The fact that the H-1B numbers were used up so quickly demonstrates once again that Congress must act now to increase H-1B availability for American employers to bring highly educated and skilled professionals to work in the United States. In the meantime, if any of your H-1B petitions are not selected in the H-1B lottery, please contact us to see if some other visa category could accommodate your employment needs. Sometimes the TN (Treaty NAFTA), J-1 (exchange visitor), O-1 (extraordinary ability), or other classification can be an alternative.

Please keep in mind that if a person has already been counted toward the H-1B cap in the past six years, will be working for a university or affiliated nonprofit, or will be employed at a nonprofit or government research organization, a new H-1B number is not required, and we do not need to wait to file an H-1B petition.

President Trump's H-1B Executive Order

President Trump has signed an executive order (EO) concerning the H-1B visa rules. Below are some of the key provisions:

Crackdown on Alleged Fraud and Abuse. The executive order will call on the Departments of Labor, Justice, Homeland Security and State to take steps designed to crack down on alleged H-1B program fraud and abuse. The EO will likely direct these agencies to analyze and report on ways they can reform their roles in the H-1B visa adjudication or issuance process in order to better protect United States workers.

Favor most skilled or highest-paid applicants. The current H-1B visa lottery system randomly selects 65,000 H-1Bs (plus an additional 20,000 reserved for U.S. master's degree holders) without regard to the applicants' specific skills or the wages to be paid to the foreign worker. The EO will ask agencies to develop ways to amend the H-1B selection process, such as increasing the number of H-1B numbers reserved for advanced degree holders or giving selection priority to the highest paid applicants.

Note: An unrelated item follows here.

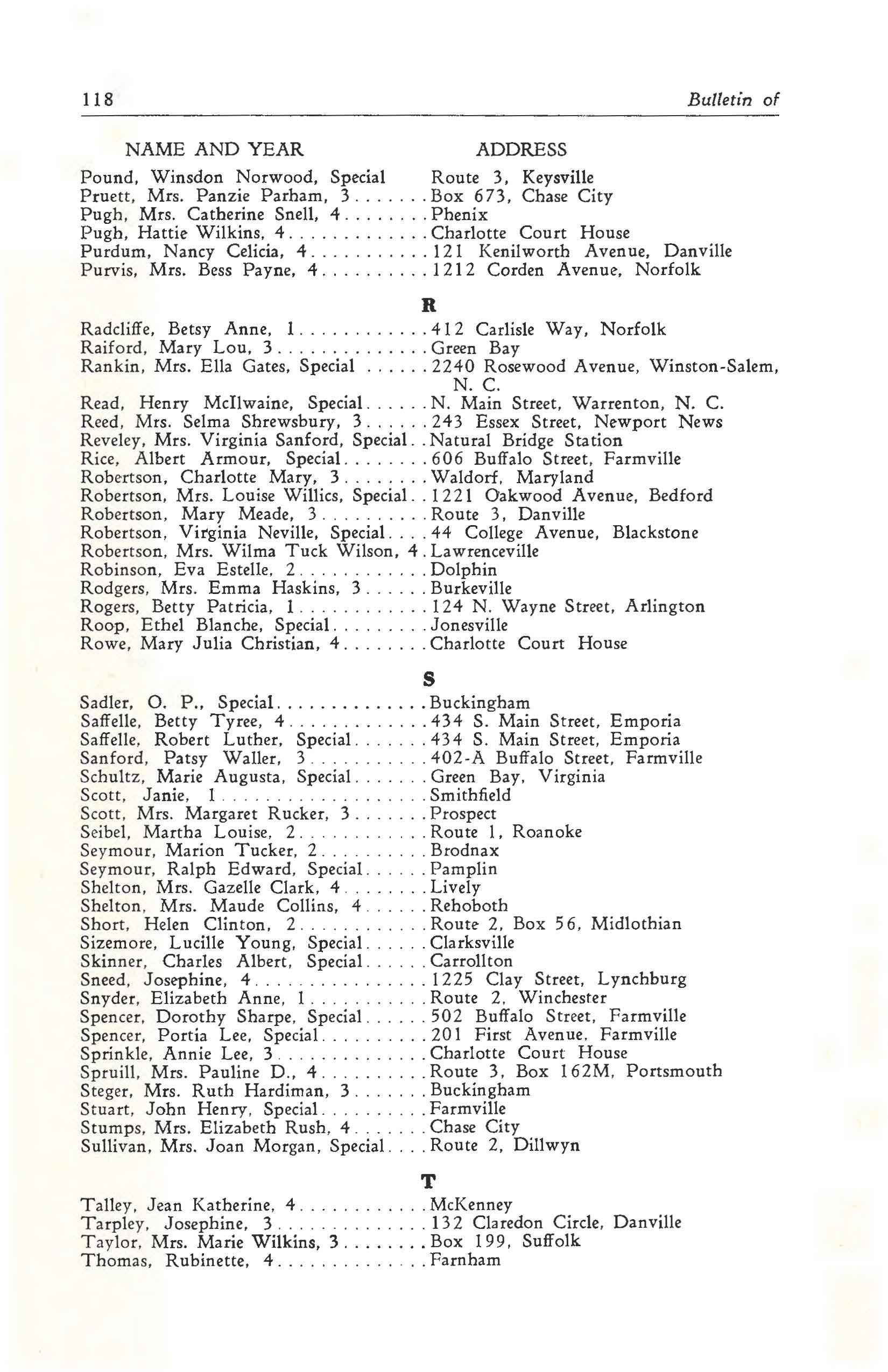 Radcliffe , Betsy Anne, 1 . ... . .. . . . . . 412 Carlisle Way, Norfolk Ream es, Sylvia Lynn, 3 . . .... .... . . 835 High Street, Petersburg R eed, Naomi Virginia, 2 ........... . Salisbury, Vermont Richardson, Evelyn Joyce, 4 . . ...... Howertons Ri chey, Julia Muriel. 1 .. . . .... ... . 6015 N. 9th Road, Arlington Ri ckman , Barbara Young, 2 3 09 Pine Street, Farmville Ril ey , Norma Elore, 2 . . ... ..... . 2 09 Hollywood Avenue, Hampton R o berts, Shirley Ann, 1 600 West Main Street , Christiansburg Roberts , Suzanne, 1 . . . . . . . . . . . . 1116 Hampton Avenue, Newport News Robertson , Betsy Jean, 3 1600 Early Street , Lynchburg Robertson , Charlotte Mary, 4 .... .. .. R . F.D. #2 , Waldorf , Maryland Robertson, Mary Meade, 3 Route #3 , Danville R o binson, Eric Lloyd, 3 Route # 1 , Farmville Robins on , Mary Elva, 3 Norton R o by, Shirley Grey, 3 ... . . . ...... . . Frederick Street, Staunton Rocha , Shirley Ruth, 1 ... ..... .... . 16 West Colin Drive , Portsmouth Rog ers , Betty Patricia, 1 ....... . ... . 124 N. Wayne Street , Arlington Ruffin , Marion Bruce, 1 Route 1, Tunstall Russell , Rheta Davidson, 1 ... . .. .. . . Virginia Avenue, Clarksville Rutland , Frances Lawana , 2 P 0 Box 242, Scottsville

Higher fees and adjusted wage scale. The EO will direct agencies to consider whether increasing the H-1B fees an employer must pay, or increasing the wage levels the employer must pay to the H-1B employee, would encourage employers to focus their H-1B hiring efforts on more highly skilled (and more highly compensated) foreign workers, thereby protecting lower-salaried U.S. workers from competition from foreign labor.

We will closely monitor the implementation of this new EO and provide additional updates as they become available.